Agora Agrar betont in seiner Nachhaltigkeitsstudie das Potenzial, durch einen Abbau der Nutztierbestände in Europa und eine Reduktion des Konsums tierischer Produkte zur Klimaneutralität beizutragen. In der Realität geht die Tierhaltung vor allem in Deutschland zurück, während beispielsweise in Spanien Bestände aufgebaut werden. Wie kann verhindert werden, dass die hiesige Landwirtschaft zur Verliererin der Klimapolitik wird?

Prof. Grethe: Der Aufbau von Beständen zum Beispiel in Spanien bis 2023 ist keine Folge der Klimapolitik, die wir ja bisher für die Landwirtschaft kaum haben – weder in der EU noch in Deutschland. Mittelfristig brauchen wir aber eine Klimapolitik für die Landwirtschaft, zum Beispiel eine Einbeziehung in den Emissionshandel. Dann sollten Verzerrungen der Produktionsbedingungen durch eine EU-weite Umsetzung vermieden werden.

CO2-Grenzausgleichsregelung für Milchpulver, Butter und Rindfleisch

Wie sollte eine Klimapolitik für die Landwirtschaft gestrickt sein, damit sie als Chance wahrgenommen wird?

Prof. Grethe: Wichtige Elemente hierfür wären etwa die Entwicklung der Nachfrage für nachwachsende Rohstoffe zur Produktion von Materialien sowie die entsprechende Ausgestaltung eines Emissionshandels für die Landwirtschaft. Sinnvoll wären zum Beispiel eine CO2-Grenzausgleichsregelung für Milchpulver, Butter und Rindfleisch, die vorerst kostenlose Vergabe von Zertifikaten für trocken bewirtschaftete Moorstandorte sowie die Allokation von Zertifikaten nicht auf Basis des Stickstoffeinsatzes, sondern der Stickstoffüberschüsse. Letzteres wäre zielgerechter und würde die Landwirtschaft deutlich weniger belasten.

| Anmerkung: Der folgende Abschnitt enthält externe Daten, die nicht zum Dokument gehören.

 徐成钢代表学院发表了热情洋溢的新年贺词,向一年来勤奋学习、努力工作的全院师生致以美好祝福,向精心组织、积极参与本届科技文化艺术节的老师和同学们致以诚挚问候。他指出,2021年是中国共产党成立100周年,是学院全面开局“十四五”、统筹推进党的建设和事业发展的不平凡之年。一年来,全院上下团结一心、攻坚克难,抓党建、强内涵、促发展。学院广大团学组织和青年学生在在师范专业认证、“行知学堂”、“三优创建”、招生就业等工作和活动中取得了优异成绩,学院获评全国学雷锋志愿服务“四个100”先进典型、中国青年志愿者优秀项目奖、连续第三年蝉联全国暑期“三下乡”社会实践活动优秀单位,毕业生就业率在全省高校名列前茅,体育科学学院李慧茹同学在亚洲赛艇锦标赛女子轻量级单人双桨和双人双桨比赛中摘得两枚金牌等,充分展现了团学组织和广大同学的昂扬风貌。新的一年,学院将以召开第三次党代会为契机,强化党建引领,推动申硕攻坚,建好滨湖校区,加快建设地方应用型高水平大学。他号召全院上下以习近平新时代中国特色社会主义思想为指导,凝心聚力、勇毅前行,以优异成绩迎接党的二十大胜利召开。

Was lässt den Wissenschaftler und Politikberater Harald Grethe am Jahresbeginn 2025 zuversichtlich in die Zukunft blicken?

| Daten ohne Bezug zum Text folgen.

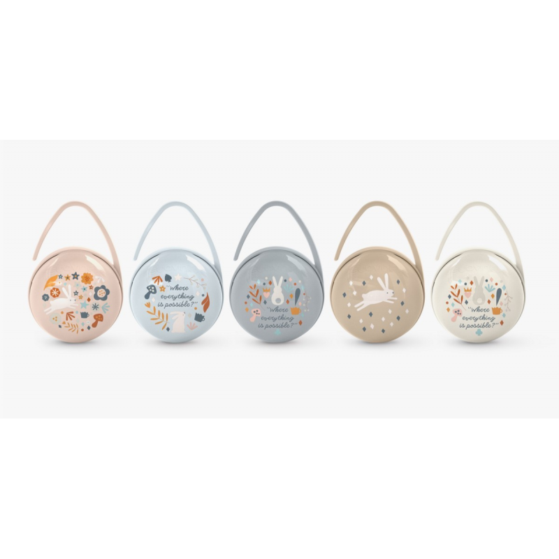 Portachupetes Duo que permite guardar y transportar 2 chupetes de forma cómoda y manteniéndolos a mano para cuando se necesiten.

Prof. Grethe: Ich erlebe zunehmend, dass sich viele Akteure in der Land-, Ernährungs- und Forstwirtschaft stringent an Zielen ausgerichtete Lösungen für realweltliche Probleme wünschen: eine verlässliche „gute Fachpolitik“. Solche Lösungen können von zentralen Akteuren vorgedacht und vorbereitet und dann der Politik vorgeschlagen werden. In Gesprächen mit Wirtschaft und Zivilgesellschaft spüre ich dafür eine wachsende Bereitschaft. Es wäre ein wichtiges Signal an die künftige Bundesregierung, den Wunsch nach guter fachpolitischer Gestaltung auch öffentlich noch sichtbarer zu machen.